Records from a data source
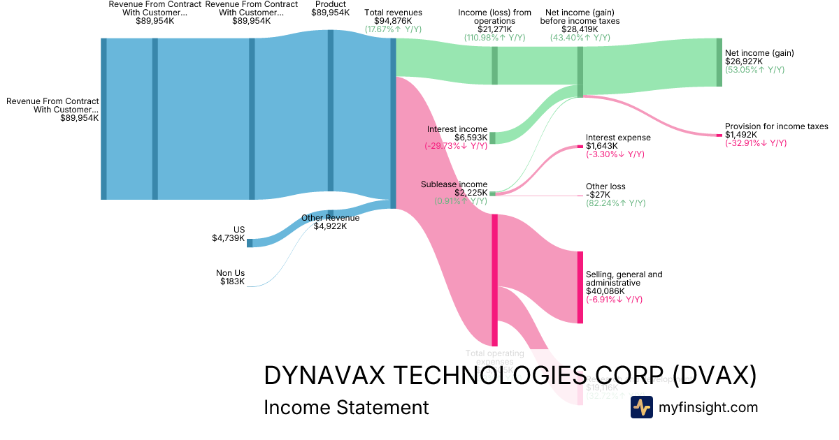 For the quarter ending 2025-09-30, DVAX made $94,876K in revenue. $26,927K in net income. Net profit margin of 28.38%.
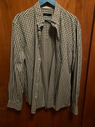 Camisa Cortefiel cuadros verde y blanco
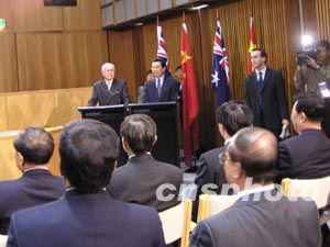 中國國家主席胡錦濤和澳大利亞總理霍華德10月24日在聯(lián)邦大廈聯(lián)合會見中澳記者。中新社記者 劉雨生 攝
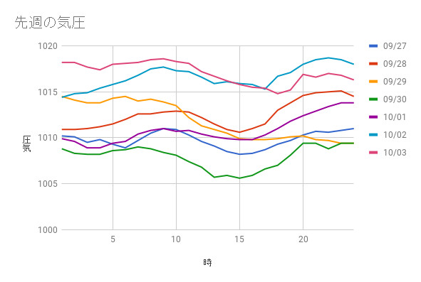 2020/9/27~2020/10/3の気圧記録です。
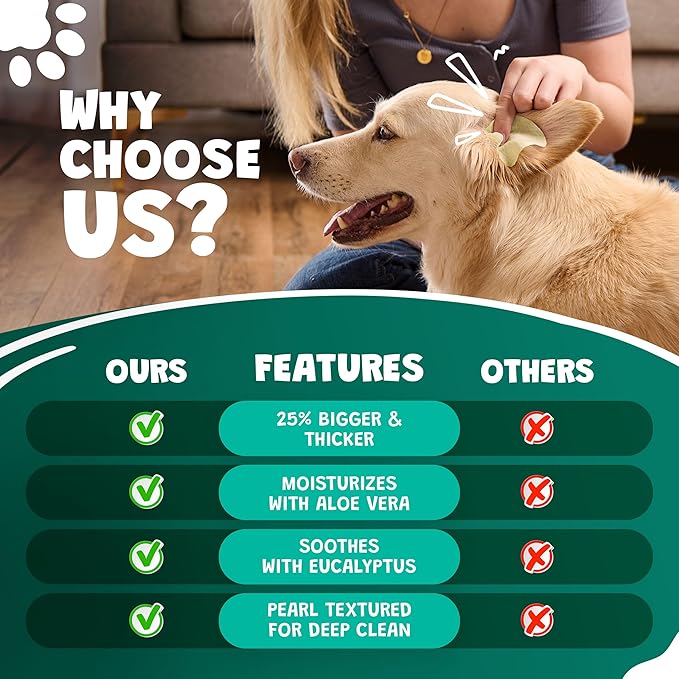 - 25% larger and more durable than standard wipes, these ear cleaner wipes for dogs provide effective coverage for thorough cleaning. The pearl-textured design ensures a gentle yet efficient clean with every use.
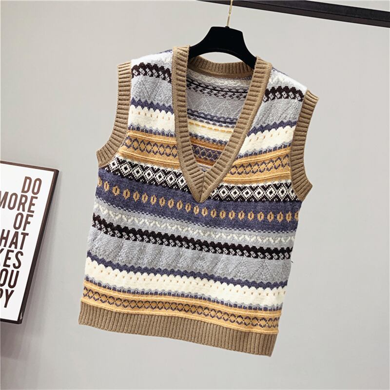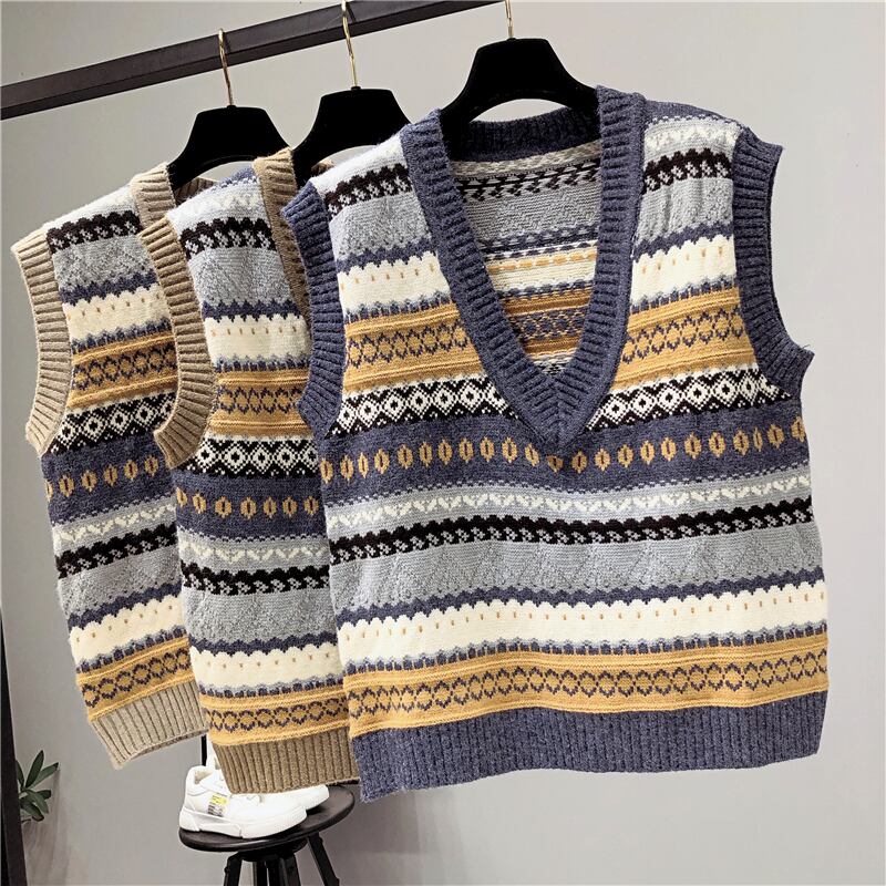女性セーターベストプルオーバー秋冬ルーズセーター V ネックベストチョッキプレッピースタイル Y2k タンクトップ オータム 秋物 ウィンター 冬物 Vネック
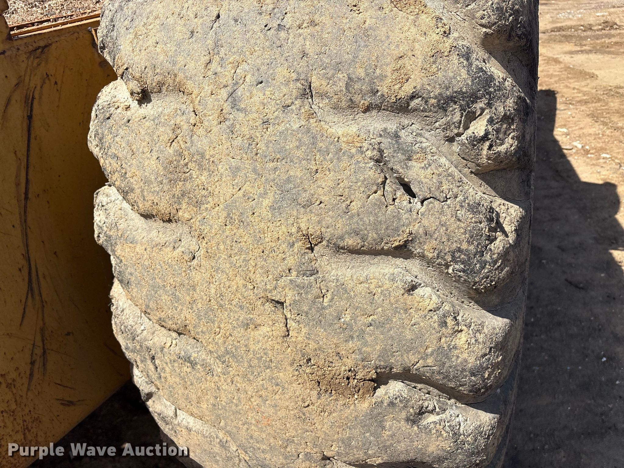 1991 Caterpillar 621E conventional scraper. Serial: 6AB01453. Engine Caterpillar, Fuel type: Diesel. Transmission Powershift, 8F - 1R. Chassis Brakes: Hydraulic. Operators station OROPS. Features Hydraulic lift, Scraper controls: Lever controls No. of controls: 3, Rear push block. Tires Size: 29.5-35, Brand: Firestone. Notes Batteries need replaced, Dead battery, Jump start required during on-site data collection. Precise Concrete Works. Memphis, TN 38106
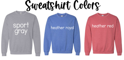 A unisex fit sweatshirt option is also available. Sweatshirt brand will be Gildan or Jerzees and depend on stock available.
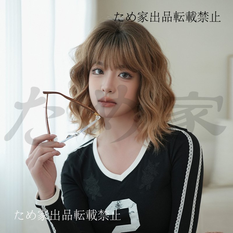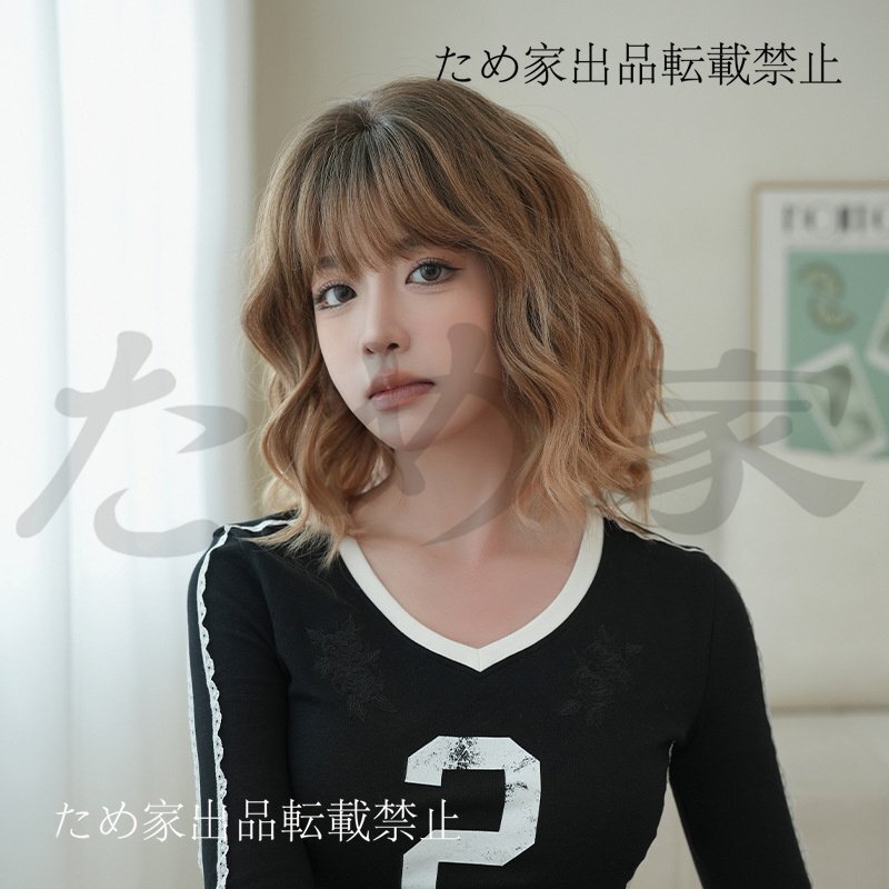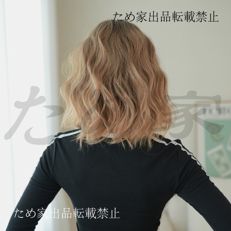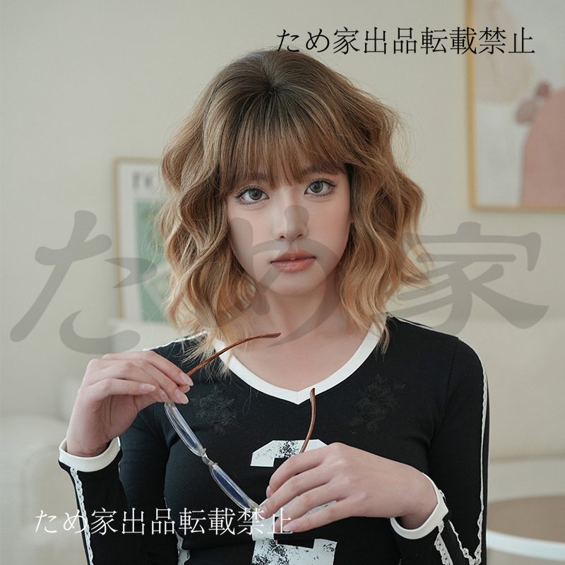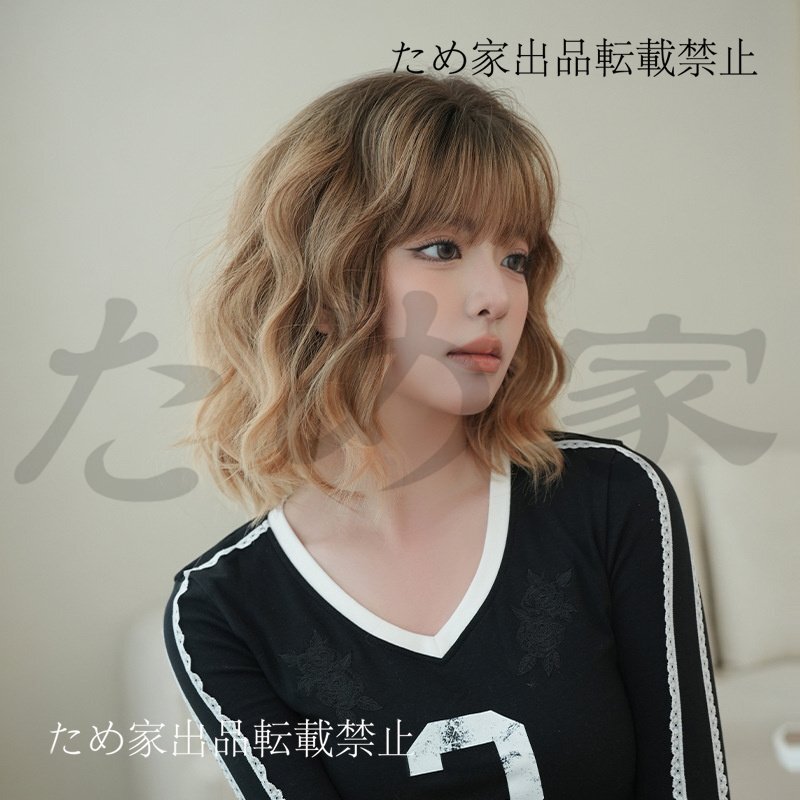 新品人毛 ショート巻き髪ウィッグ トップグラデーション オレンジゴールドカラー つむじ部分手植え 自然に見えますフルウィッグ
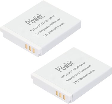 Specifications: Battery Model: Replaces Canon NB-6L Voltage & Capacity: 3.7V 1060mah 3.9Wh Battery Type: Lithium-ion (Li-ion) Rechargeable Battery Color: Black. 100% Compatible with Canon SX710 HS, SX530 HS, SX520 HS, SX510 HS, SX500 IS, SX700 HS, SX280 HS, SX260 HS, SX170 IS Black, SD1300 IS, SD1200 IS, SD980, SD770, SD1300,D30, D20, D10, IXUS 85 IS, IXUS 95 IS, IXUS 200 IS Cameras Package Includes: DMK NB-6L Battery---2Pcs
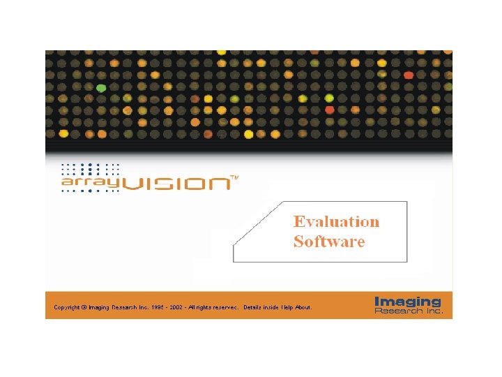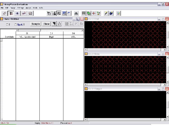 Classes of software 1. Array experiment image analysis I. III. IV. V. VI. Load image (. SCN , TIFF , others) Select channels Select parameter Normalization Gridding Reading 2. Statistical analysis of raw data ? ? 3. Discovery tools (you name it)
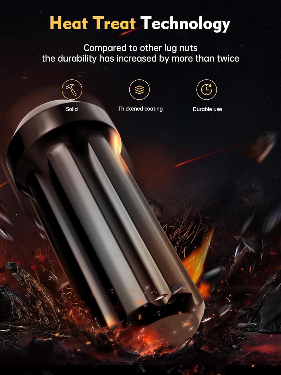 One-Piece Nuts: The one-piece structure design is more splendid and safer than the two-piece design. Thick coating, cold forged and heat treated steel soild lug nuts, anti-rusting and anti-stripped, high strength and durability
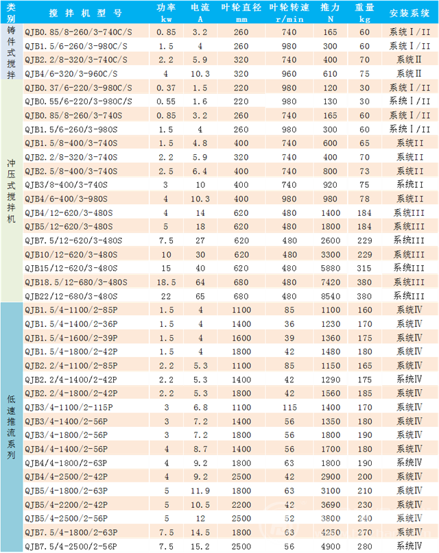 QJB型潛水攪拌機可分為混合攪拌和低速推流兩大系列。
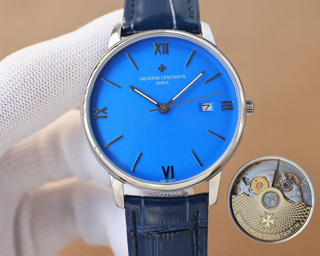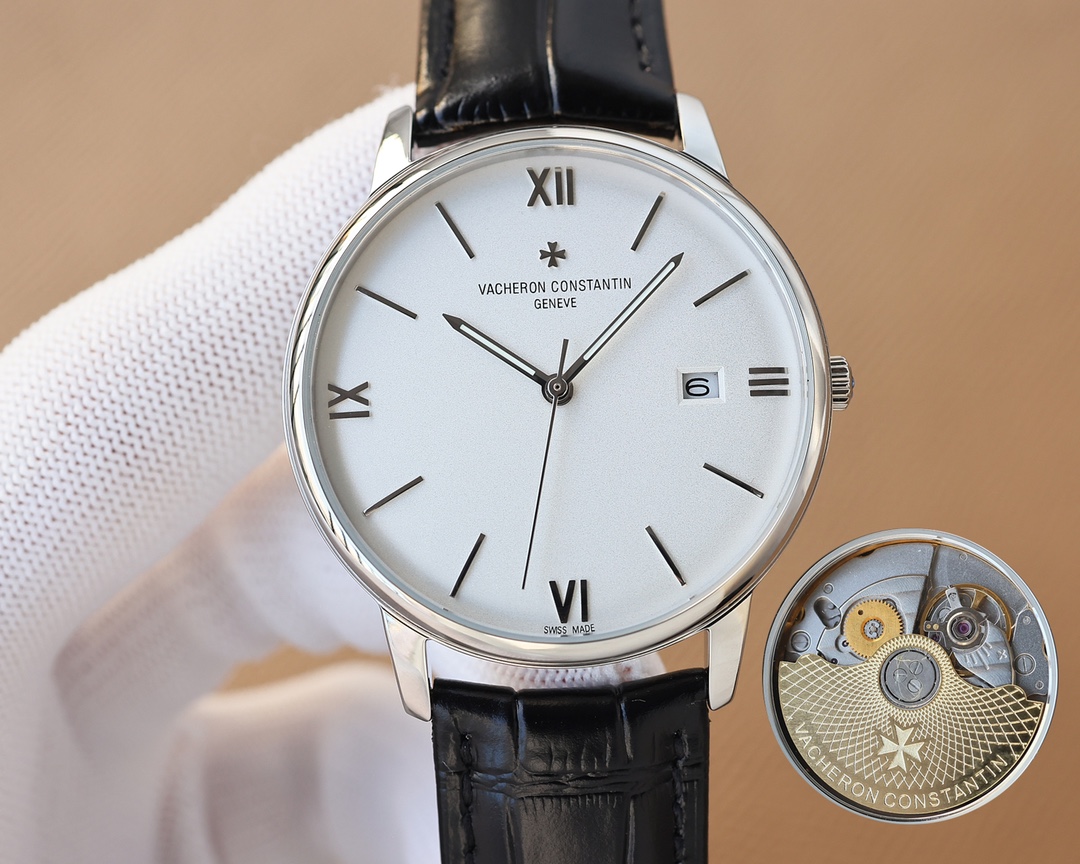 这款手表是AAAAA 1:1 质量 (非常棒). 使用了和原版一模一样的材料. 商标部分也保持了和江诗丹顿/Vacheron Constantin一样. 图片拍摄是实物手表拍摄, 您所收到的实物保证和我们图片一模一样.

▶ **Work required**
Starting at the first line of the records and stopping after the line with "- 25% larger", copy each line exactly; pictures stay out.

▶ **Solved exercise**
 For the quarter ending 2025-09-30, DVAX made $94,876K in revenue. $26,927K in net income. Net profit margin of 28.38%.
 Camisa Cortefiel cuadros verde y blanco
 中國國家主席胡錦濤和澳大利亞總理霍華德10月24日在聯(lián)邦大廈聯(lián)合會見中澳記者。中新社記者 劉雨生 攝
 2020/9/27~2020/10/3の気圧記録です。
 - 25% larger and more durable than standard wipes, these ear cleaner wipes for dogs provide effective coverage for thorough cleaning. The pearl-textured design ensures a gentle yet efficient clean with every use.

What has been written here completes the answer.